→ Input data
[Start of Attachment]

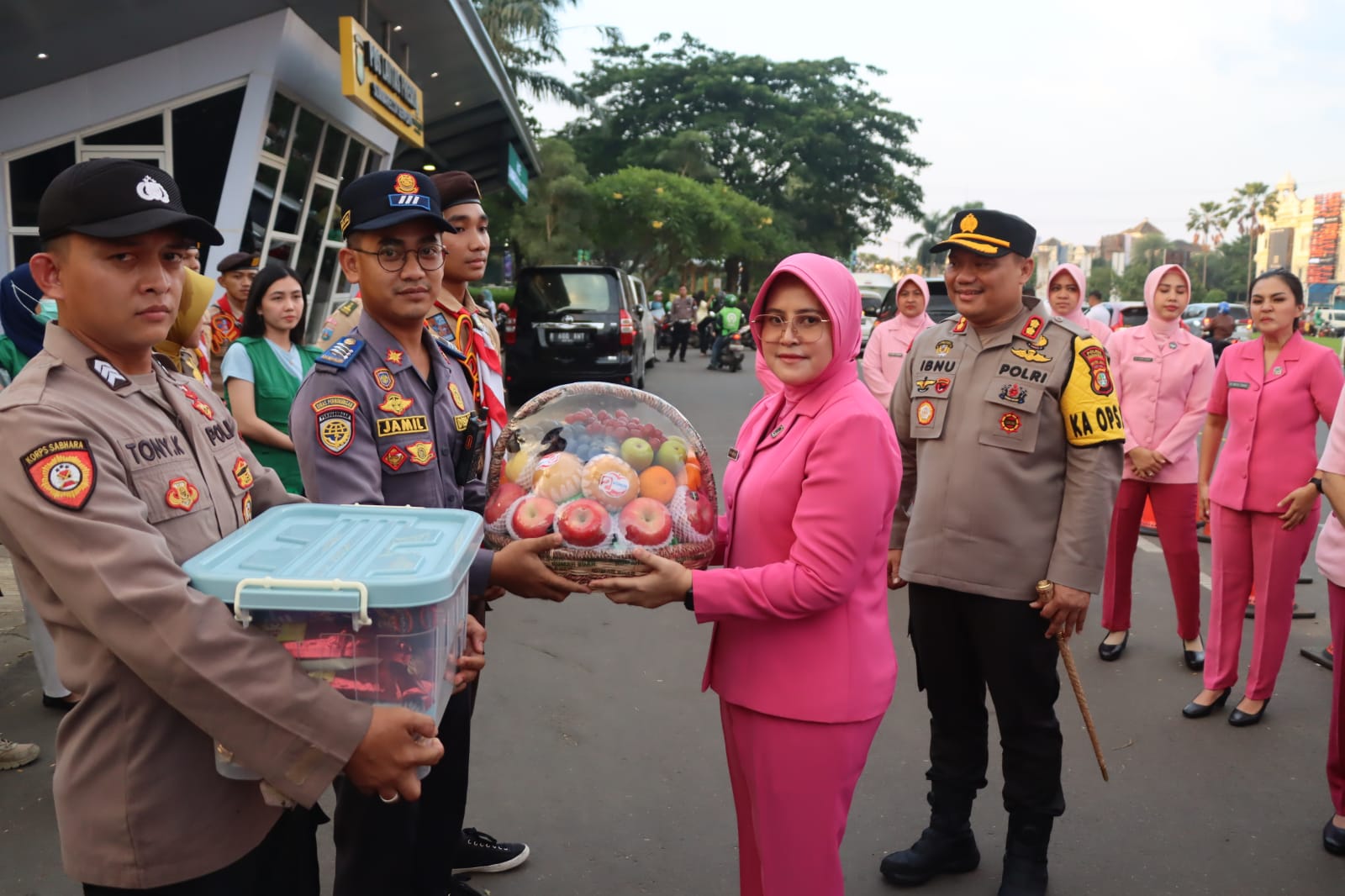 BantenOne.com, Tangerang Selatan – Bertajuk Bhayangkari Peduli, Ketua Bhayangkari Tangerang Selatan Ny. Ira Ibnu Bagus didampingi Kapolres Tangerang Selatan AKBP Ibnu Bagus Santoso, S.I.K., M.M., M.H beserta Pengurus Bhayangkari Tangerang Selatan menyerahkan bingkisan kepada petugas pos Pam Operasi Ketupat Metro Jaya 2024.
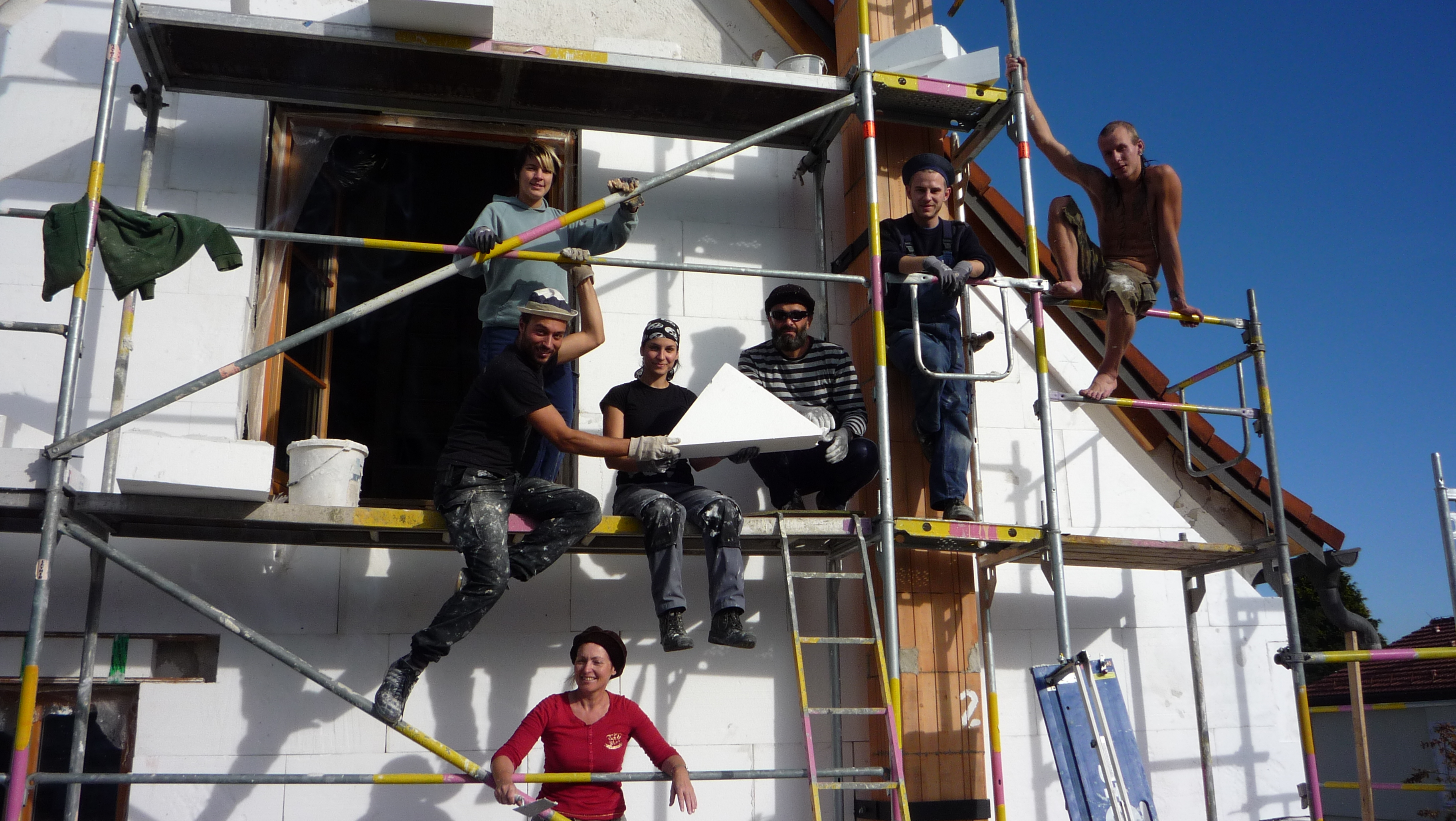 Ausserdem werden die Dachböden ausgebaut, um Platz für vier weitere Wohnungen zu schaffen. Einer davon soll zum Gemeinschaftsraum werden: für Vereinstreffen oder um gemeinsam Fernsehen zu schauen. Eine Werkstatt für die handwerklich Begabten und einen Proberaum für die Musiker gibt es schon. Bis Juni 2011 soll ein Grossteil der Renovierungen fertig sein. Abgesehen von schwierigen Arbeiten wie der Elektroinstallation machen die Bewohner tatsächlich alles selbst. Die meisten haben bisher um die 400 Stunden in den Bau gesteckt, manche auch 600. Da bleibt nicht mehr viel Zeit für Hobbys: «Wenn man von der Arbeit heimgeht, dann ist erst mal Baustelle angesagt», meint David. «Aber irgendwann ist das auch vorbei», fügt sein Mitstreiter Stefan hinzu. Und es macht auch Spass, sagen beide. Vor allem im Sommer. Man arbeitet bei schönem Wetter draussen, mit teilweise 15 Leuten auf der Baustelle – das erzeugt ein Gemeinschaftsgefühl.
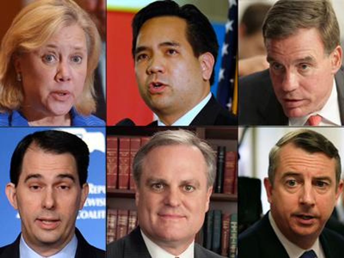 Top, from left: Mary Landrieu, Sean Reyes, and Mark Warner; bottom, from left: Scott Walker, Mark Pryor, and Ed Gillespie
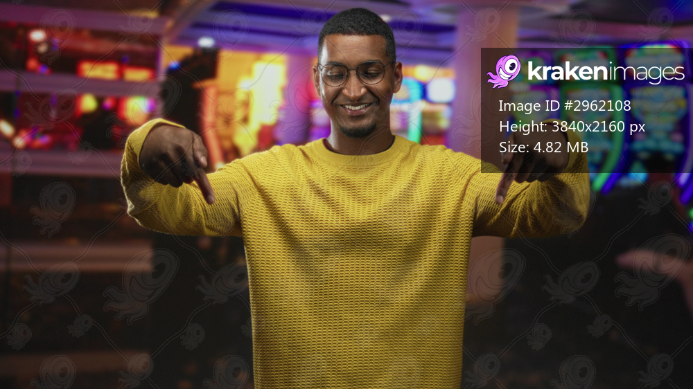 Man in yellow sweater and glasses smiling while pointing fingers down at slot machines in building interior; confidence celebration.
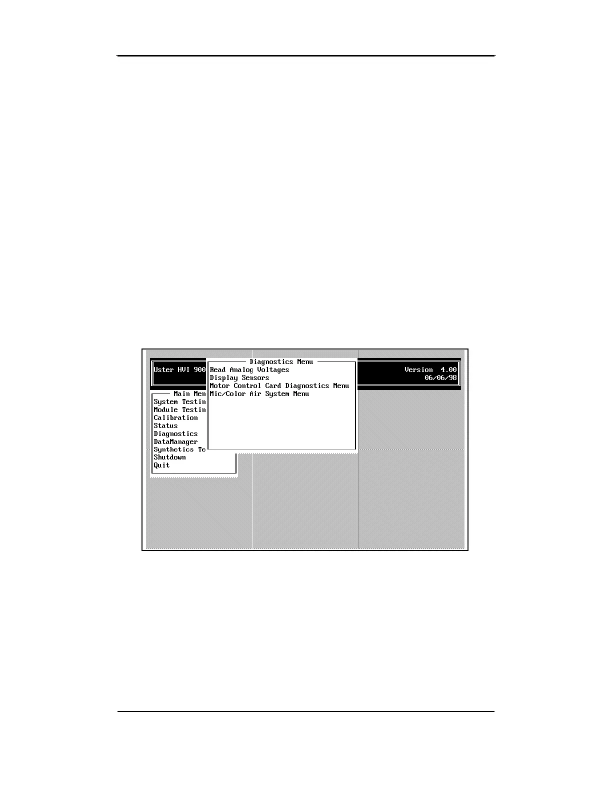 the DIAGNOSTICS MENU by Uster Technologies personnel. This chapter
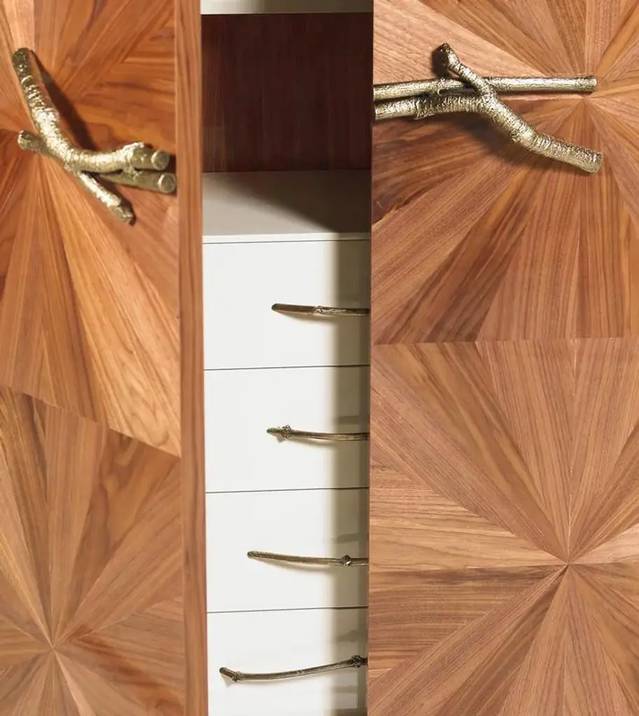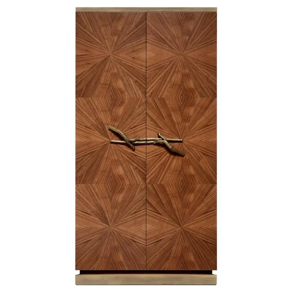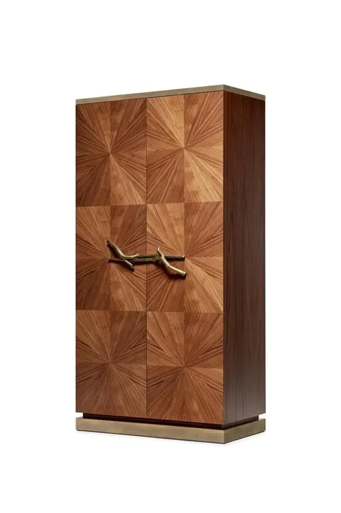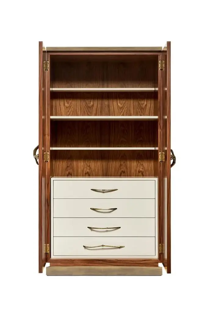 Walnut Bar Cabinet by Ginger & Jagger Dimensions: D 56 x W 100 x H 196 cm. Materials: American walnut, brass, and lacquer. Finish: Doors in American Walnut veneer in matt; drawers and shelves in Stone gloss lacquer; handles in cast Brass in Antique Brass finishing; top and footer in Antique Brass. This product is suitable for custom size. This product is made for living areas and interior spaces only. This product is not specified for bathrooms, spas, or humid environments. Not suitable for exteriors.
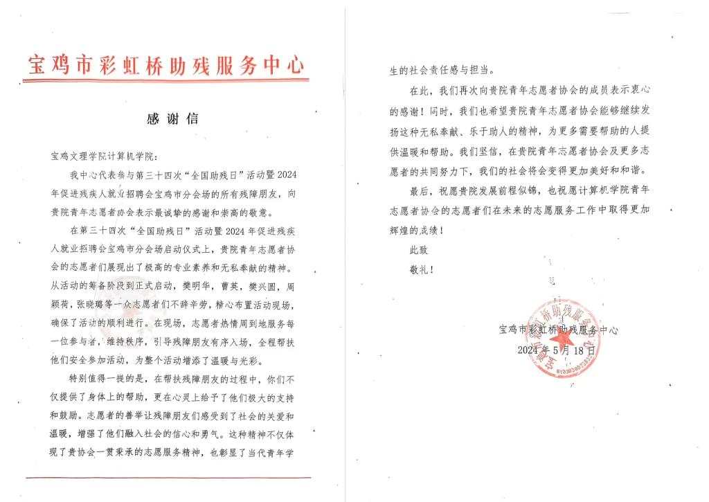 近日,宝鸡市彩虹桥助残服务中心发来感谢信,对我院青年志愿者协会樊明华、曹英、樊兴园、周颖荷、张晓璐等17名同学在5月18日第三十四次“全国助残日”活动暨2024年促进残疾人就业招聘会宝鸡市分会场启动仪式上所做的志愿服务表达感谢和敬意。
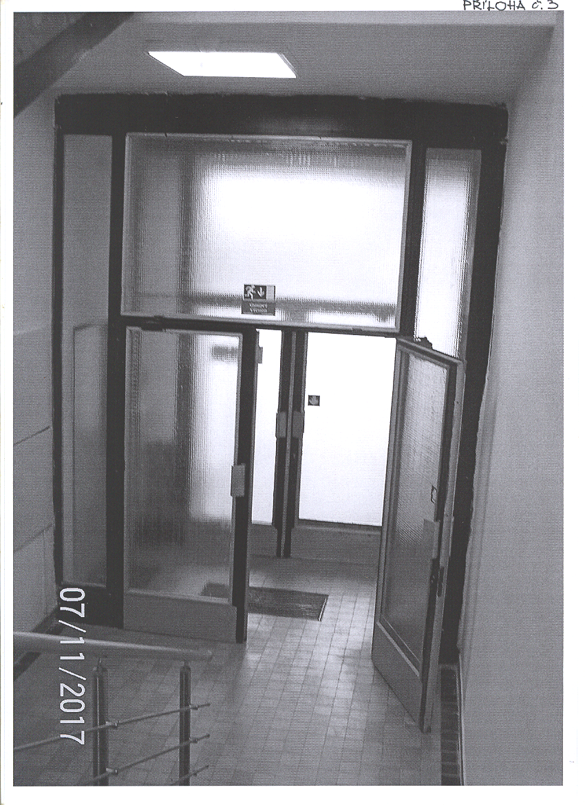 Stručný popis předmětu: Kompletní oprava výměnou vstupních stěn, resp. dveří do admin. budovy. Celoprosklené stěny s vsazenými dvoukřídlými posuvnými dveřmi.
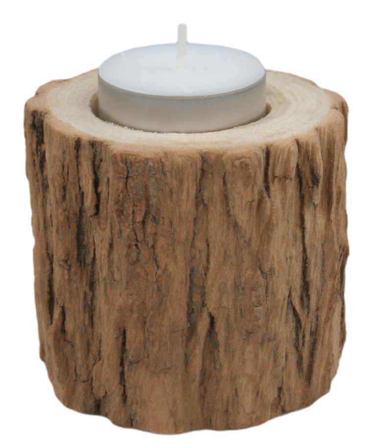 Dřevěný svícen špalíček na čajovou svíčku průměr cca 7 cm, výška cca 6 cm
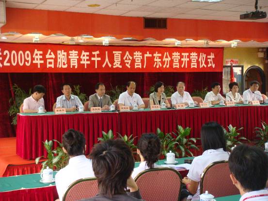以“龍脈相傳、青春中華”為主題的全國臺聯2009年臺胞青年千人夏令營廣東分營于7月9日在我市開營。全國臺聯副會長、廣東省臺聯會長陳俊康,市委常委、常務副市長張瑛,市政府副秘書長葉榮輝,市臺務局局長廖巍,市臺務局副局長陳僑生,市教育局副局長古昌平等出席開營儀式。
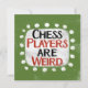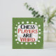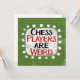 "Os Jogadores de Xadrez são Estranhos" é um design de texto bonito em verde com texto preto e vermelho, juntamente com uma forma de sotaque branco e pontos brancos texturizados ao seu redor.
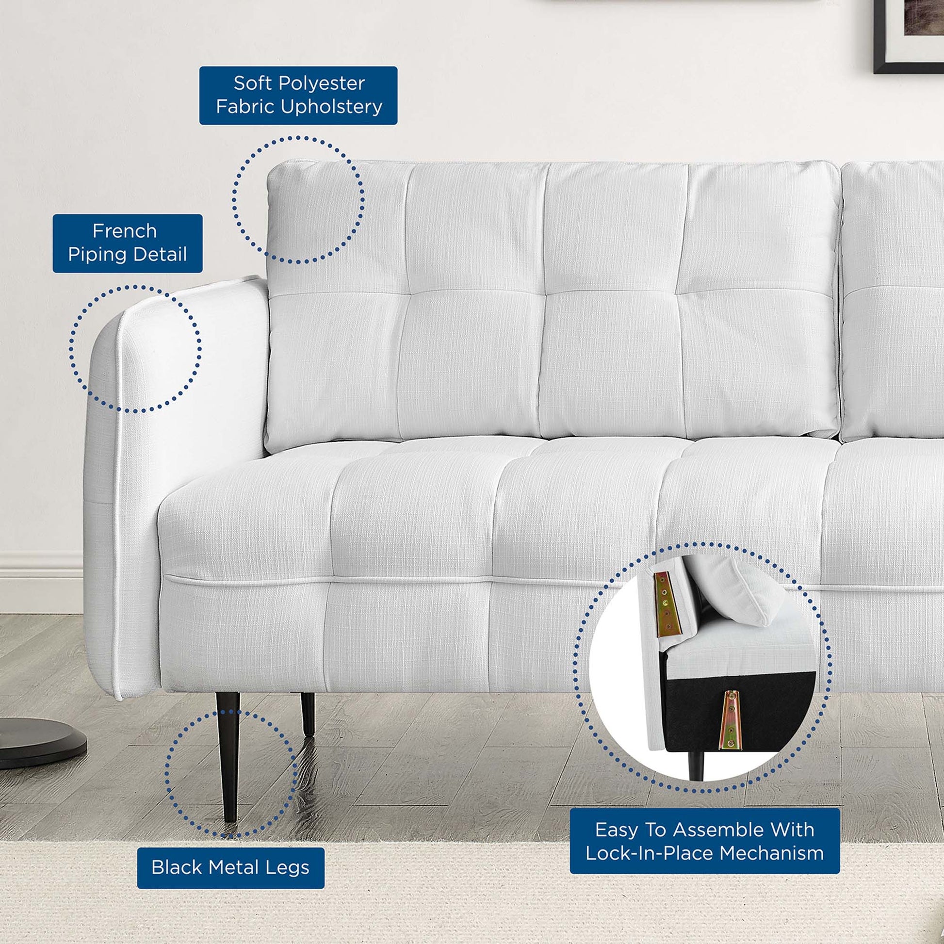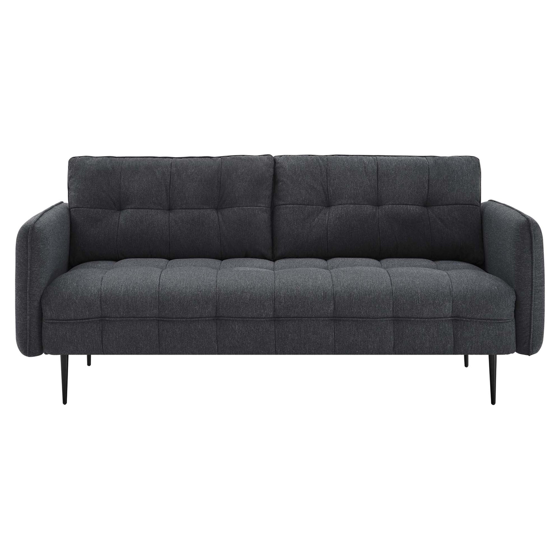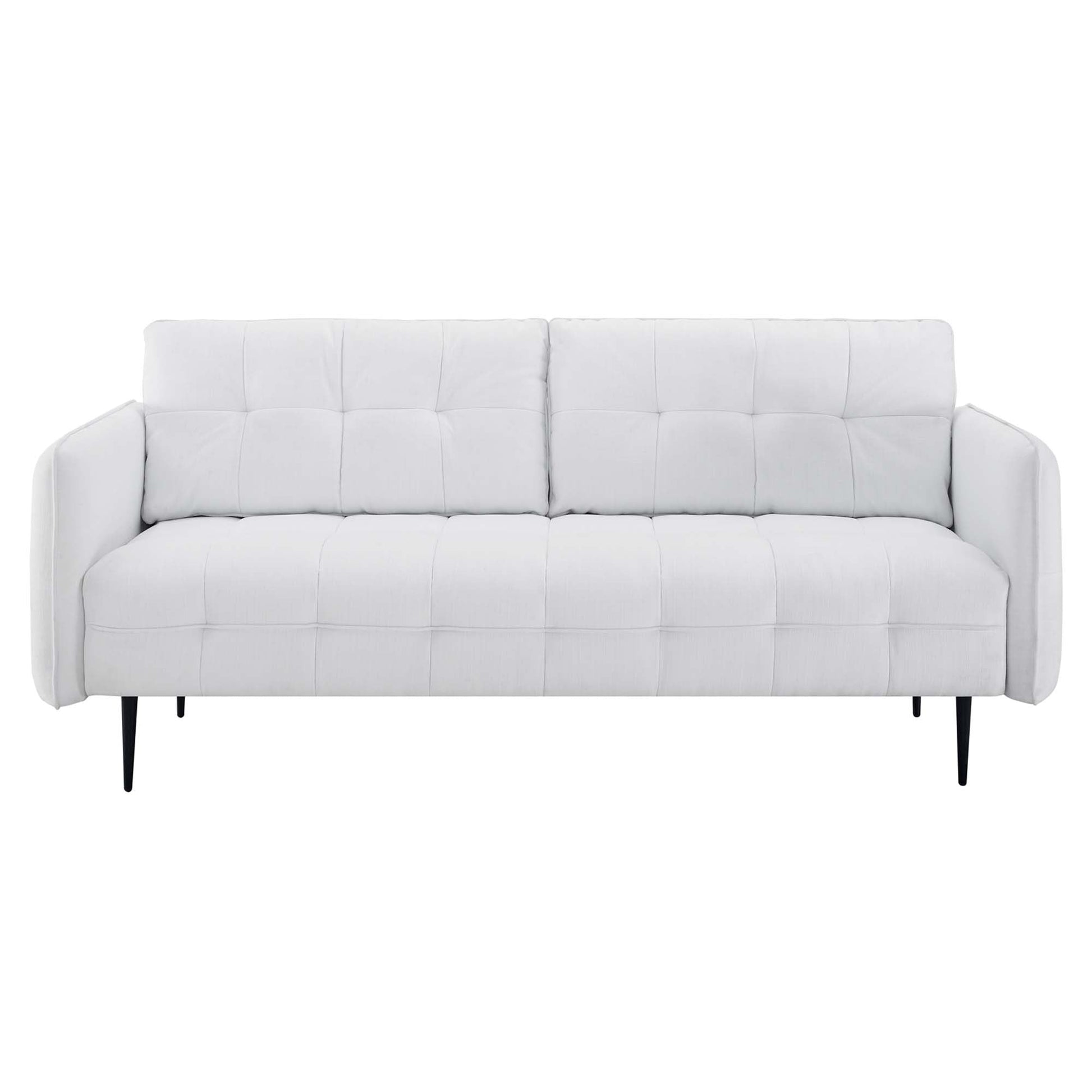 Heighten your living space with the Cameron Tufted Fabric Sofa. Displaying square tufting and French piping detail, this upholstered sofa is rich in contemporary charm and mid-century modern inspiration. Covered in soft polyester fabric, this tufted sofa features dense foam padding and a sinuous spring support system to create a premium seating experience for you and your guests. Sturdily constructed from solid wood, this fabric sofa sits atop black metal legs with non-marking foot pins. Modernizing the traditional furniture shopping experience, this sofa-in-a-box ships directly to your doorstep in a conveniently portable box with easy-to-follow instructions. This retro modern sofa is an ideal addition to your living room, lounge room, or home office. Assembly required. Sofa Weight Capacity: 900 lbs.
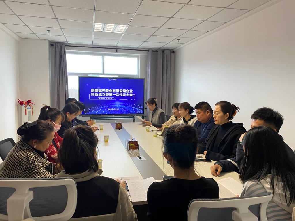 4月11日下午,新疆冠元牧業有限公司企業科協成立暨第一次代表大會召開。塔城市科協副主席馬琳、新疆冠元牧業行政副總楊韜及工作人員出席會議。

[End of Attachment]

→ Requirement
Retype the listing above exactly, please. Pictures do not belong in the copy.

→ Response area
 BantenOne.com, Tangerang Selatan – Bertajuk Bhayangkari Peduli, Ketua Bhayangkari Tangerang Selatan Ny. Ira Ibnu Bagus didampingi Kapolres Tangerang Selatan AKBP Ibnu Bagus Santoso, S.I.K., M.M., M.H beserta Pengurus Bhayangkari Tangerang Selatan menyerahkan bingkisan kepada petugas pos Pam Operasi Ketupat Metro Jaya 2024.
 Ausserdem werden die Dachböden ausgebaut, um Platz für vier weitere Wohnungen zu schaffen. Einer davon soll zum Gemeinschaftsraum werden: für Vereinstreffen oder um gemeinsam Fernsehen zu schauen. Eine Werkstatt für die handwerklich Begabten und einen Proberaum für die Musiker gibt es schon. Bis Juni 2011 soll ein Grossteil der Renovierungen fertig sein. Abgesehen von schwierigen Arbeiten wie der Elektroinstallation machen die Bewohner tatsächlich alles selbst. Die meisten haben bisher um die 400 Stunden in den Bau gesteckt, manche auch 600. Da bleibt nicht mehr viel Zeit für Hobbys: «Wenn man von der Arbeit heimgeht, dann ist erst mal Baustelle angesagt», meint David. «Aber irgendwann ist das auch vorbei», fügt sein Mitstreiter Stefan hinzu. Und es macht auch Spass, sagen beide. Vor allem im Sommer. Man arbeitet bei schönem Wetter draussen, mit teilweise 15 Leuten auf der Baustelle – das erzeugt ein Gemeinschaftsgefühl.
 Top, from left: Mary Landrieu, Sean Reyes, and Mark Warner; bottom, from left: Scott Walker, Mark Pryor, and Ed Gillespie
 Man in yellow sweater and glasses smiling while pointing fingers down at slot machines in building interior; confidence celebration.
 the DIAGNOSTICS MENU by Uster Technologies personnel. This chapter
 Walnut Bar Cabinet by Ginger & Jagger Dimensions: D 56 x W 100 x H 196 cm. Materials: American walnut, brass, and lacquer. Finish: Doors in American Walnut veneer in matt; drawers and shelves in Stone gloss lacquer; handles in cast Brass in Antique Brass finishing; top and footer in Antique Brass. This product is suitable for custom size. This product is made for living areas and interior spaces only. This product is not specified for bathrooms, spas, or humid environments. Not suitable for exteriors.
 近日,宝鸡市彩虹桥助残服务中心发来感谢信,对我院青年志愿者协会樊明华、曹英、樊兴园、周颖荷、张晓璐等17名同学在5月18日第三十四次“全国助残日”活动暨2024年促进残疾人就业招聘会宝鸡市分会场启动仪式上所做的志愿服务表达感谢和敬意。
 Stručný popis předmětu: Kompletní oprava výměnou vstupních stěn, resp. dveří do admin. budovy. Celoprosklené stěny s vsazenými dvoukřídlými posuvnými dveřmi.
 Dřevěný svícen špalíček na čajovou svíčku průměr cca 7 cm, výška cca 6 cm
以“龍脈相傳、青春中華”為主題的全國臺聯2009年臺胞青年千人夏令營廣東分營于7月9日在我市開營。全國臺聯副會長、廣東省臺聯會長陳俊康,市委常委、常務副市長張瑛,市政府副秘書長葉榮輝,市臺務局局長廖巍,市臺務局副局長陳僑生,市教育局副局長古昌平等出席開營儀式。
 "Os Jogadores de Xadrez são Estranhos" é um design de texto bonito em verde com texto preto e vermelho, juntamente com uma forma de sotaque branco e pontos brancos texturizados ao seu redor.
 Heighten your living space with the Cameron Tufted Fabric Sofa. Displaying square tufting and French piping detail, this upholstered sofa is rich in contemporary charm and mid-century modern inspiration. Covered in soft polyester fabric, this tufted sofa features dense foam padding and a sinuous spring support system to create a premium seating experience for you and your guests. Sturdily constructed from solid wood, this fabric sofa sits atop black metal legs with non-marking foot pins. Modernizing the traditional furniture shopping experience, this sofa-in-a-box ships directly to your doorstep in a conveniently portable box with easy-to-follow instructions. This retro modern sofa is an ideal addition to your living room, lounge room, or home office. Assembly required. Sofa Weight Capacity: 900 lbs.
 4月11日下午,新疆冠元牧業有限公司企業科協成立暨第一次代表大會召開。塔城市科協副主席馬琳、新疆冠元牧業行政副總楊韜及工作人員出席會議。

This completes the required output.